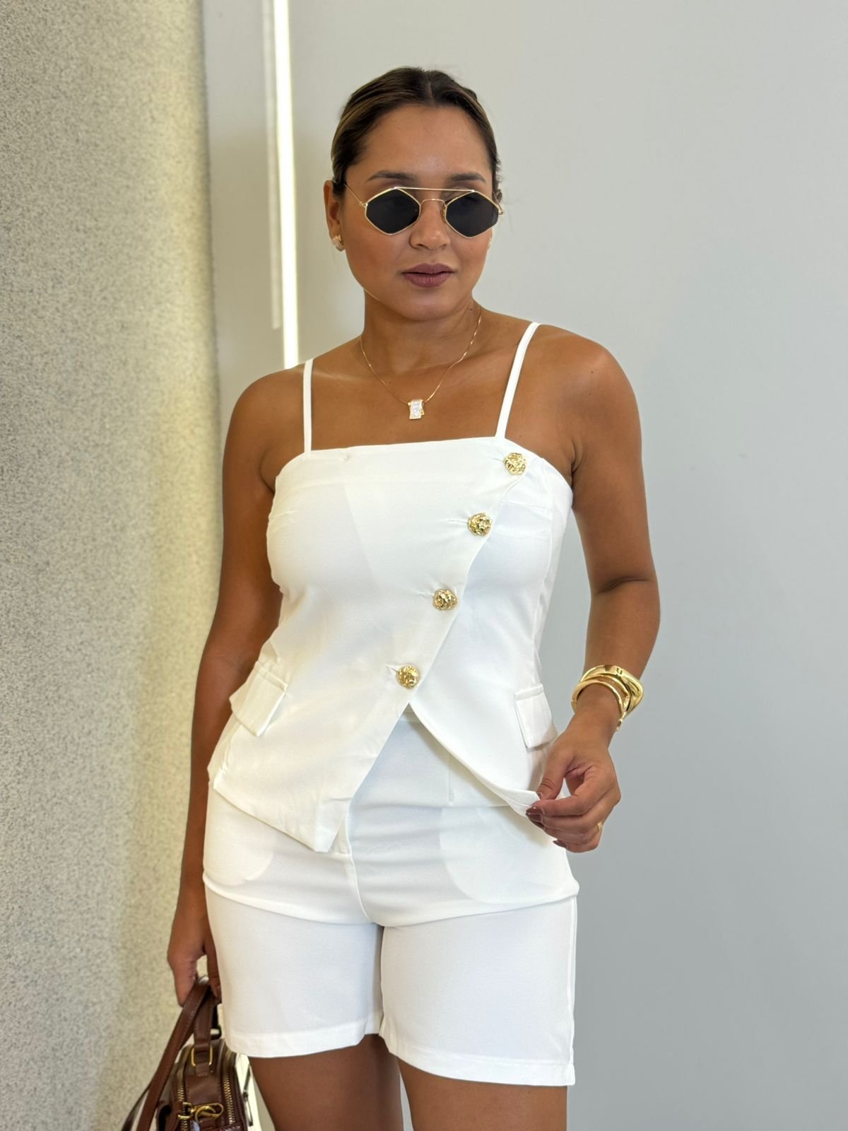 CONJUNTO BERMUDA + BLUSA EM ALFAIATARIA ANA LUISA BRANCO
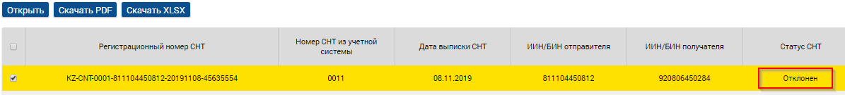 1. Для отклонения доступны СНТ в статусе «Доставлен». Для отклонения СНТ в журнале СНТ выберете СНТ и нажмите кнопку «Отклонение»
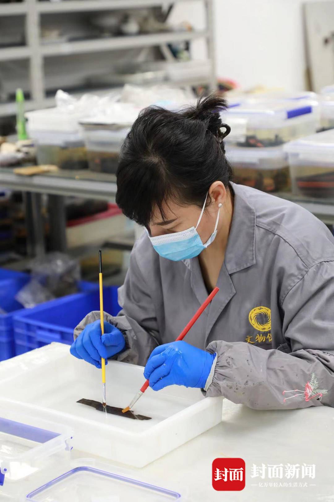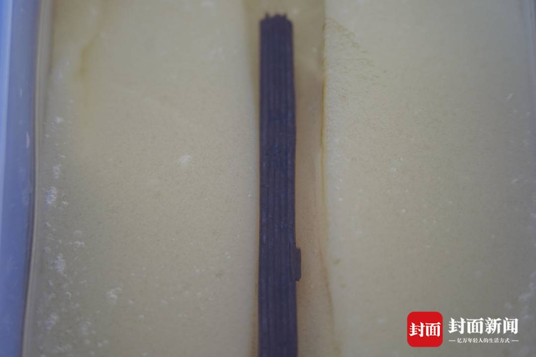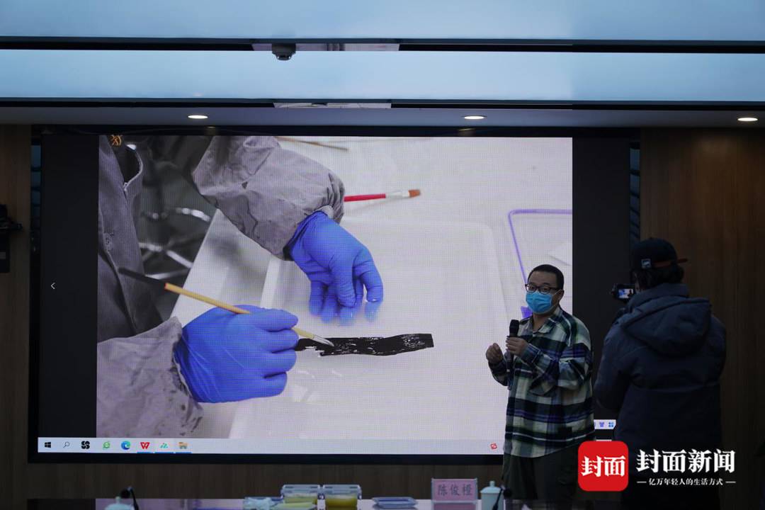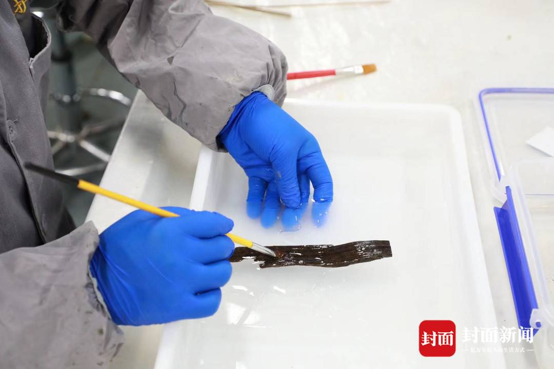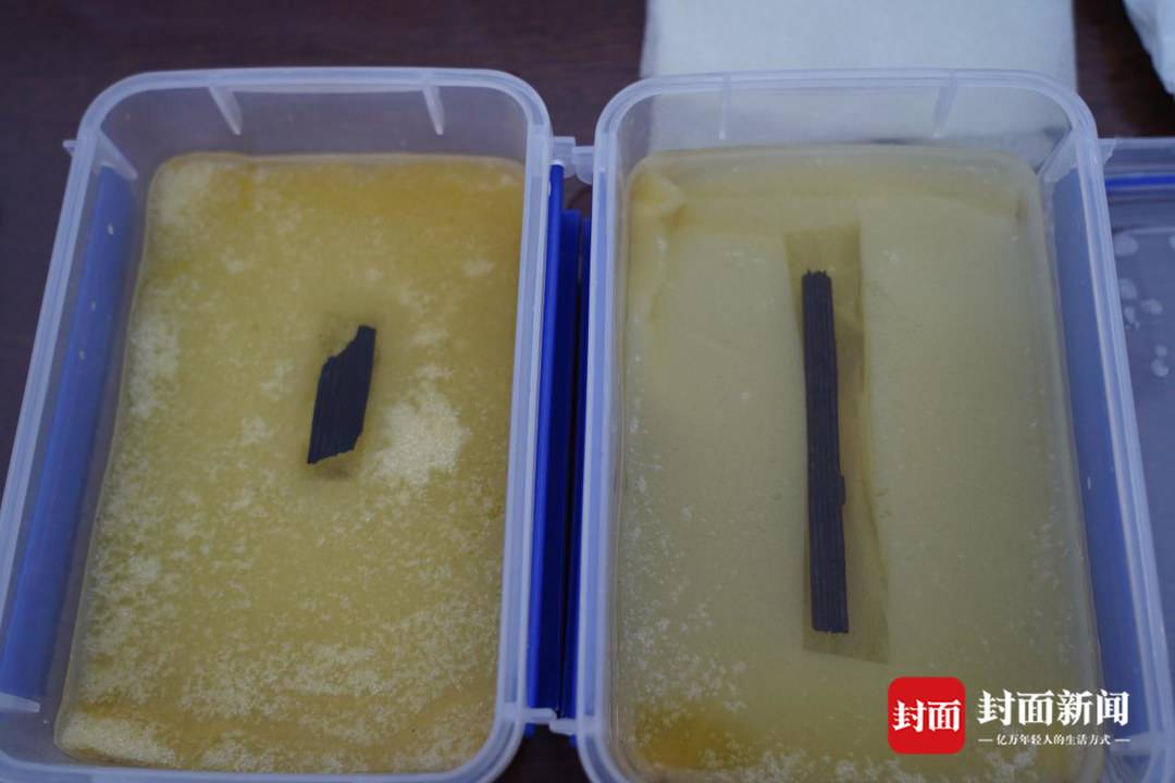 当天上午展示的秦简就发现于冶铸废弃堆积内。成都文物考古研究院90后文物修复师陈俊橙向媒体展示了浸泡在蒸馏水中的两片简牍,其中一片简牍上清晰可见“成都”二字,另一片木牍上能辨认出“西工师”等字迹。
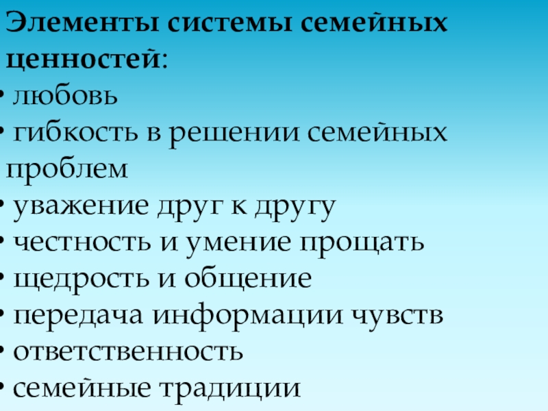 Элементы системы семейных ценностей: любовь  гибкость в решении семейных проблем уважение друг к другу честность
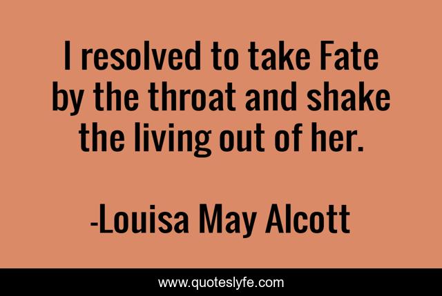 This page presents the quote "I resolved to take Fate by the throat and shake the living out of her.". Author of this quote is Louisa May Alcott. .
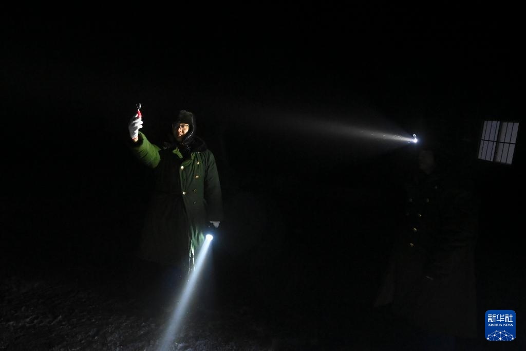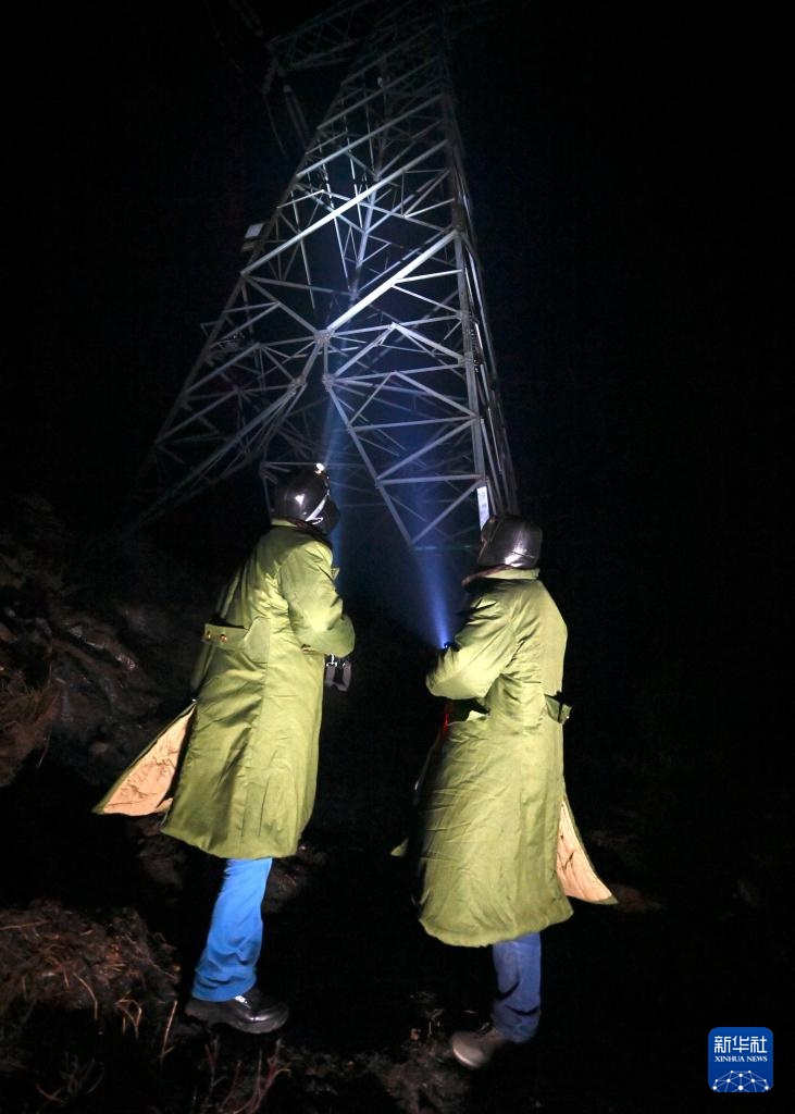 杨啸(左)和搭档李均平在夜间查看杆塔覆冰情况(1月23日摄)。
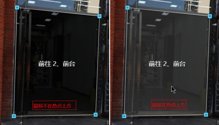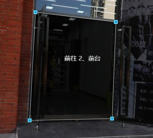 逐个拖动蓝色的手柄,可以进一步调节多边形的边框。漫游播放器中,点击多边形热点的整个区域都会激发该热点的功能。
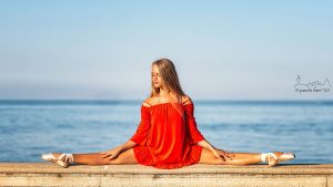 According to David Harsent, lyrically a glove or a cockade in the stalls would have “buffered” the undertow with its ticking against the boats. Overall, we will have to celebrate the elegance of the missing moments. Perhaps, if the action always entails a reaction, so we will mature accepting the ˂ we tried ˃. Nicole poses as a dancer, with the legs opened and stretched, doing the splits. She is seated on the small wall of the seafront. The red dress is perceived gathering “a cockade”, from the shoulders to the thighs. On the background, the sea is out of focus. We can imagine that in this case the dance compensates for the swimming, preserving there however the flourishing. But how much will the shoes allow a tap dance for the waves, with equal whiteness? A dancer on the sea would exist: the siren.
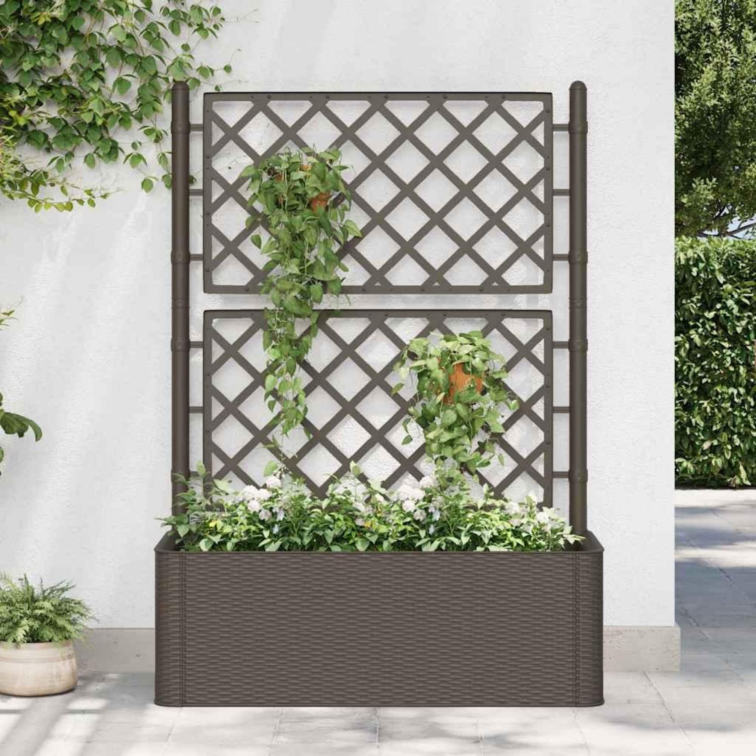 Creez une belle toile de fond pour vos fleurs avec un lit sureleve elegant, fonctionnel et unique ! Cette jardiniere en treillis a une grande boîte a fleurs qui peut accueillir un grand nombre de plantes et de fleurs vertes.
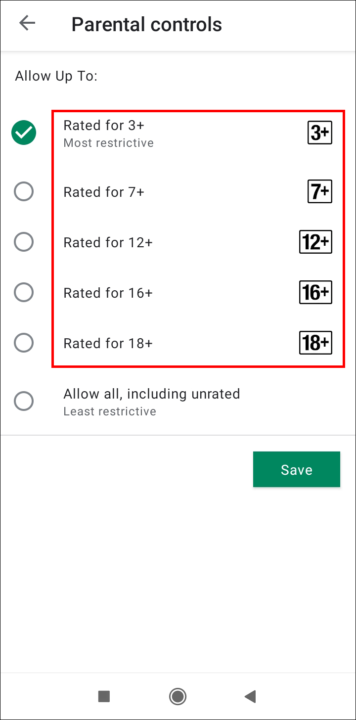 - Select the appropriate age limit. Example: Selecting Everyone 10+ allows apps to install that go up to the Teen rating but doesn’t include apps rated teen and up.
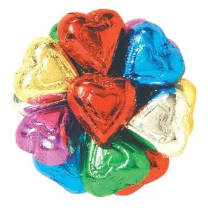 Your heart will melt when you taste these scrumptious heart-shaped chocolates wrapped in decorative metallic foils! All hearts are made of rich milk chocolate!
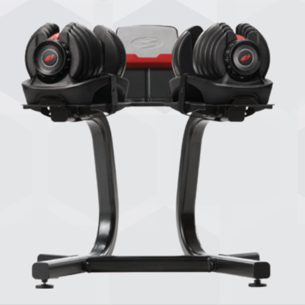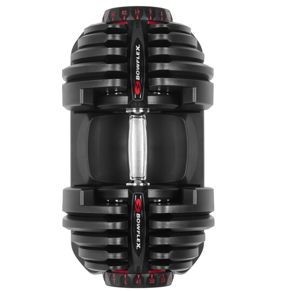 These adjustable dumbbells have weights that adjust from 4 kg (10 lbs) to 41 kg (90 lbs) in 5 lb. increments. Easy-to-use selection dials for adjusting weights. Replaces up to 17 pairs of dumbbells. Great for toning and strength training exercises for both upper and lower body including heavy leg lifts. Compatible with the free Bowflex SelectTech® training App for iOS and Android.
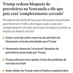 🇻🇪 Após pressão de Trump, ao menos quatro importantes petroleiros cancelam operações em portos da Venezuela; a decisão da empresas foi tomada na segunda-feira (15), depois que Washington apreendeu um navio que transportava quase dois milhões de barris de petróleo bruto venezuelano, que deveriam carregar o recurso até a estatal venezuelana PDVSA
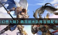 《三国志幻想大陆》游戏中新魏脏水阵容搭配武将豪刃曹操、雷霆赵云,于禁、乐进、诸葛果、曹丕。那么今天小编就给大家介绍一下三国志幻想大陆新魏脏水阵容玩法攻略,有需要的小伙伴不要错过了。 《三国志幻想大陆》新魏脏水阵容玩法攻略核心武将:豪刃曹操、雷霆赵云 豪刃曹操:传统脏水队的奠基人,到了新脏水中依然是不可撼动的核心武将。使用曹仁护法,只要有豪刃曹操在的阵容,坦度就有了保证。相比老脏水,少了专武曹操后debuff数量虽有减少,但算上神兵灵宠,依然可以达到 “7个” ,因此豪刃曹操仍然是阵容的主输出之一,不过更重要的是他贡献了全队的坦度。雷霆赵云:与老脏水不同,由于于禁乐进的加入,灭属性已经没有放弃的可能,刘备无法再成为下位替代,故必须上阵雷霆赵云。在有灭属性加持下的雷霆赵云,随着怒攻后的【龙鳞】堆叠,输出能力将会在第
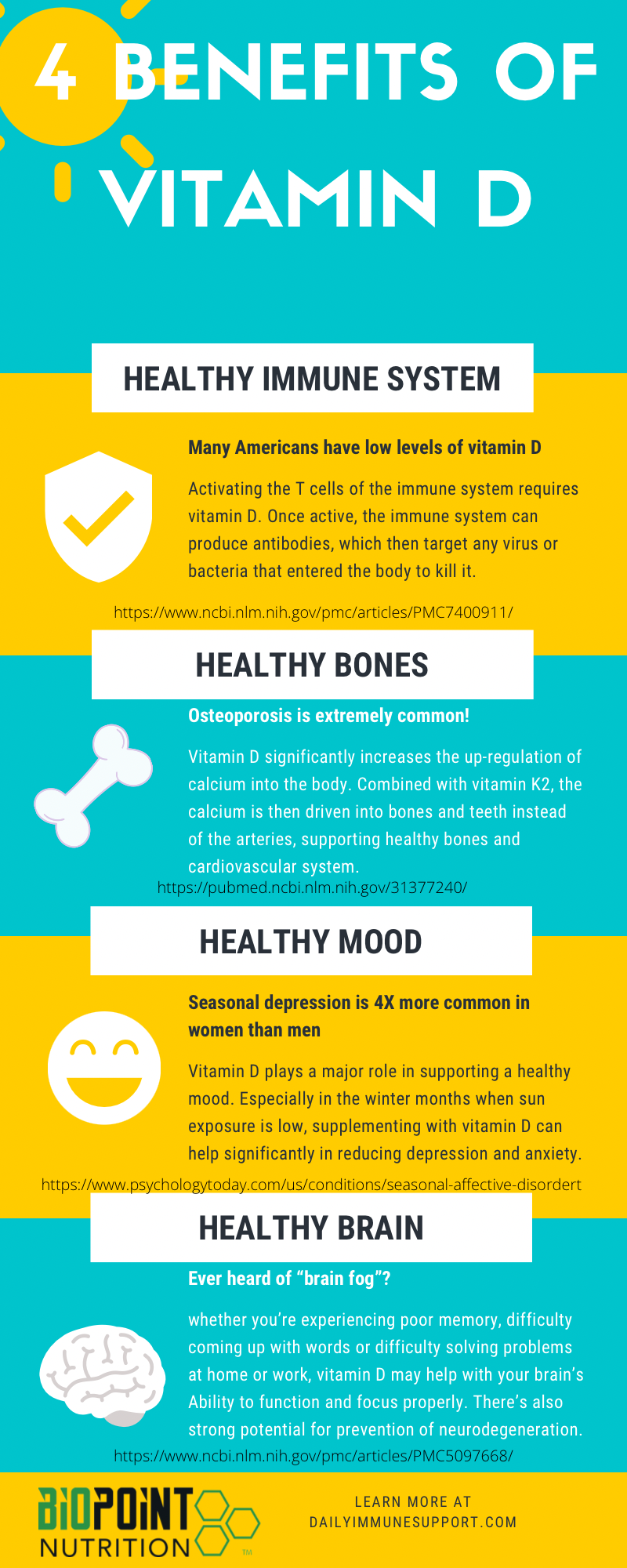 It's well known in the medical community that vitamin D is beneficial for improving your mood, energy, bone integrity and even weight loss... But did you know that it's also extremely beneficial for bolstering your immune system?! A more robust immune response means a quicker, stronger, more efficient reaction to the virus... The end result... more time doing what you want instead of laying in bed.
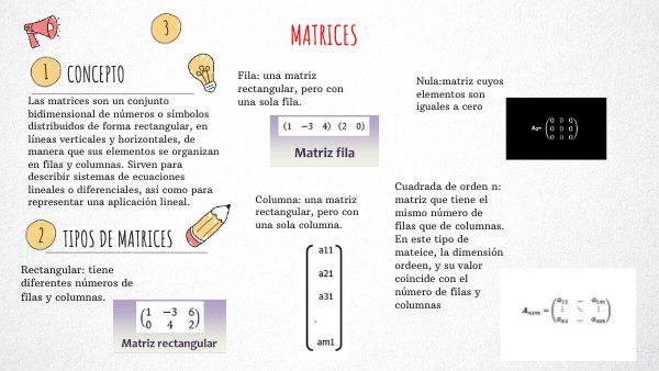 Las matrices son un conjunto bidimensional de números o símbolos distribuidos de forma rectangular, en líneas verticales y horizontales, de manera que sus elementos se organizan en filas y columnas. Sirven para describir sistemas de ecuaciones lineales o diferenciales, así como para representar una aplicación lineal.

###

> _Work to be completed_
All that is wanted is the lines above between the one containing "逐个拖动蓝色的手柄,可以进一" and the one containing "According to David", inclusive, restated word for word, with pictures omitted.

> _Result of the task_
 逐个拖动蓝色的手柄,可以进一步调节多边形的边框。漫游播放器中,点击多边形热点的整个区域都会激发该热点的功能。
 According to David Harsent, lyrically a glove or a cockade in the stalls would have “buffered” the undertow with its ticking against the boats. Overall, we will have to celebrate the elegance of the missing moments. Perhaps, if the action always entails a reaction, so we will mature accepting the ˂ we tried ˃. Nicole poses as a dancer, with the legs opened and stretched, doing the splits. She is seated on the small wall of the seafront. The red dress is perceived gathering “a cockade”, from the shoulders to the thighs. On the background, the sea is out of focus. We can imagine that in this case the dance compensates for the swimming, preserving there however the flourishing. But how much will the shoes allow a tap dance for the waves, with equal whiteness? A dancer on the sea would exist: the siren.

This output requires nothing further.